Failing to look back on the short and long terms
If we haven’t looked at the short-term and/or long-term disability experiences and reflected on the drug plan experience, why not? Why would we not use disability data and granular drug claims data to assess patterns in the drug therapies related to the biggest health concerns in the employee population? If there are leading indicators in the drug claims experience (which is far more prevalent and robust than disability data)—such as changes in the incidence of a given disease state, changes to levels of adherence to therapy and/or changes in the co-morbidity profile of disability claimants—a plan sponsor can begin to measure the impact the drug plan is having on spending elsewhere and how that impact can be enhanced.

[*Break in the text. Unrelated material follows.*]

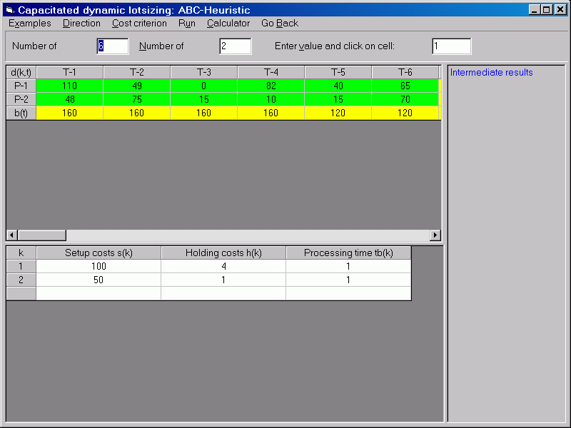 After all data have been entering, the heuristic is started.

It is encouraging to see that better reporting and better use of data is becoming more of a focal point. I understand that the CPBI Ontario conference next month in Toronto is devoting a session to the topic. That’s a positive step because it’s unlikely that we would have been anywhere near the agenda even a couple of years ago. We’re starting to see some progress, but plan sponsors across the country would benefit immediately if using data for predictive purposes became the norm, not simply the exception.